Qui échappe à ces stéréotypes racistes ? Qui porte sur son modèle noir un regard non raciste, non dominant ? Pas grand monde; Géricault peut-être quand il inclut trois hommes noirs dans le Radeau de la Méduse, et, que, pour ce faire, il réalise cette étude, d’après le même modèle Joseph. Matisse peut-être, après son voyage à New York et quand il dessine ses modèles antillaises à Cannes. Il ne s’agit pas ici de distribuer des brevets d’antiracisme rétrospectifs, mais de constater que le regard blanc ne sait en général pas se défaire du racisme ambiant de la société qui l’entoure.

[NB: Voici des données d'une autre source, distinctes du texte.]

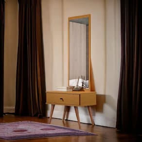 Transforme sua rotina de beleza com o nosso elegante toucador. Com um espelho amplo, este móvel oferece o ambiente perfeito para se preparar com estilo!

Paul Gauguin, Tête de femme, Martinique, 1887, craie de couleur, 36x27cm, Amsterdam, Musée van Gogh

Seul sans doute Gauguin y parviendra vraiment, Gauguin le proscrit, Gauguin le révolté, d’abord en Martinique, puis en Polynésie, quand il peint ses amantes et crie contre la destruction de leur société (mais est-on noir en Polynésie ? La définition du catalogue inclut bien quelques Arabes, mais pas de Polynésiens …). Et ce ne sont pas les peintres métis qui mèneront ce combat, trop heureux de s’intégrer à la société blanche, trop inquiets de se trouver rejetés de l’autre côté : Chassériau, outre le Satan ci-dessus, peint une servante noire bien sage auprès d’Esther, et Guillon-Lethière, lui aussi fils d’affranchie, s’il ose montrer une certaine égalité entre homme blanc et homme noir dans Le Serment des Ancêtres, ne le fait qu’une seule fois et en secret, avant d’envoyer  clandestinement sa toile à la jeune république d’Haïti.

François-A uguste Biard, L’Abolition de l’esclavage dans les colonies françaises le 27 avril 1848 (ex Proclamation de la liberté des Noirs aux colonies), 1849, 260x392cm, Clermont-Ferrand, Musée Roger Quillot, en dépôt au Château de Versailles

Si la plupart des essais du catalogue sont fort érudits, beaucoup sont à la peine pour affronter cette problématique du regard blanc. S’en détache nettement l’excellence postface de deux des ex-commissaires de l’exposition sur les zoos humains, Lilian Thuram et Pascal Blanchard [l’un et l’autre souvent critiqués pour leurs positions : Thuram et Blanchard], « Corps noir, regard blanc ». Leur analyse du pouvoir blanc est assez cruelle envers la plupart des autres présentations. Comme exemple, cette toile pompeuse de François-Auguste Biard célébrant la (seconde) abolition de l’esclavage en 1848 qu’ils analysent à juste titre ainsi : « Ce tableau glorifie l’action des Blancs qui libèrent les Noirs. Comme si c’était leur idée, comme si les Noirs n’y étaient pour rien. Comme si les révoltes n’avaient pas existé. » C’est cela le regard blanc.